## COLLECTED MATERIAL
********************
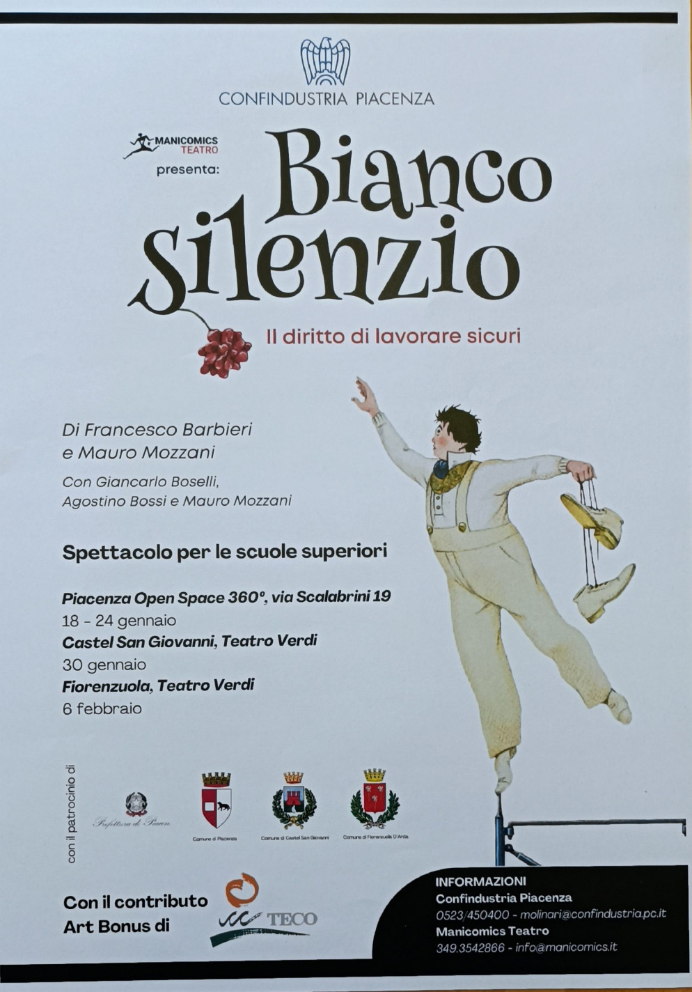 La compagnia Manicomics Teatro e Confindustria Piacenza hanno presentato lo spettacolo “Bianco silenzio: il diritto a lavorare sicuri”, un’iniziativa dedicata al tema della sicurezza sul lavoro e supportata dall’azienda Teco di Fiorenzuola. Il testo di Mauro Mozzani e Francesco Barbieri, che verrà proposto su vari palcoscenici di Piacenza e provincia, si rivolge agli studenti delle scuole superiori. Si comincia in città il prossimo 18 gennaio, al Teatro Manicomics di via Scalabrini 19.
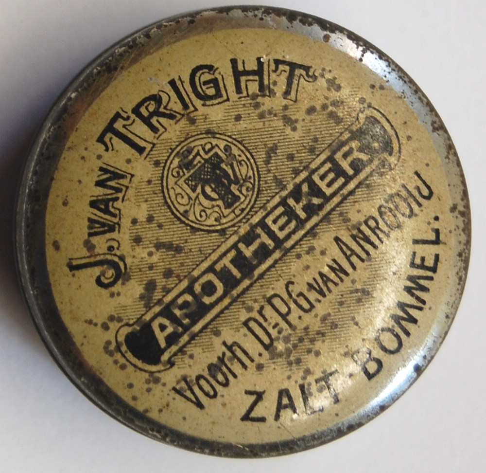 pillendoos. Rond blikken doosje en deksel met opschr...
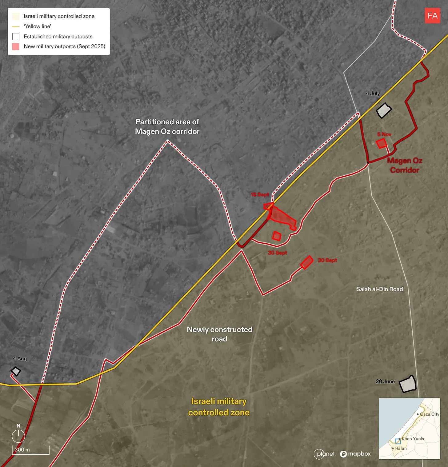 كما رصد التقرير استمرار العمل في طريق جديد في منطقة خان يونس، بدأ إنشاؤه في سبتمبر/أيلول 2025، مع إعادة توجيه ممر «ماغن عوز» ليقع بالكامل ضمن مناطق السيطرة الإسرائيلية.
********************
## TASK STATEMENT
Copy every line above exactly, leaving no picture in the copy.

## SOLUTION FOR THIS TASK
 La compagnia Manicomics Teatro e Confindustria Piacenza hanno presentato lo spettacolo “Bianco silenzio: il diritto a lavorare sicuri”, un’iniziativa dedicata al tema della sicurezza sul lavoro e supportata dall’azienda Teco di Fiorenzuola. Il testo di Mauro Mozzani e Francesco Barbieri, che verrà proposto su vari palcoscenici di Piacenza e provincia, si rivolge agli studenti delle scuole superiori. Si comincia in città il prossimo 18 gennaio, al Teatro Manicomics di via Scalabrini 19.
 pillendoos. Rond blikken doosje en deksel met opschr...
 كما رصد التقرير استمرار العمل في طريق جديد في منطقة خان يونس، بدأ إنشاؤه في سبتمبر/أيلول 2025، مع إعادة توجيه ممر «ماغن عوز» ليقع بالكامل ضمن مناطق السيطرة الإسرائيلية.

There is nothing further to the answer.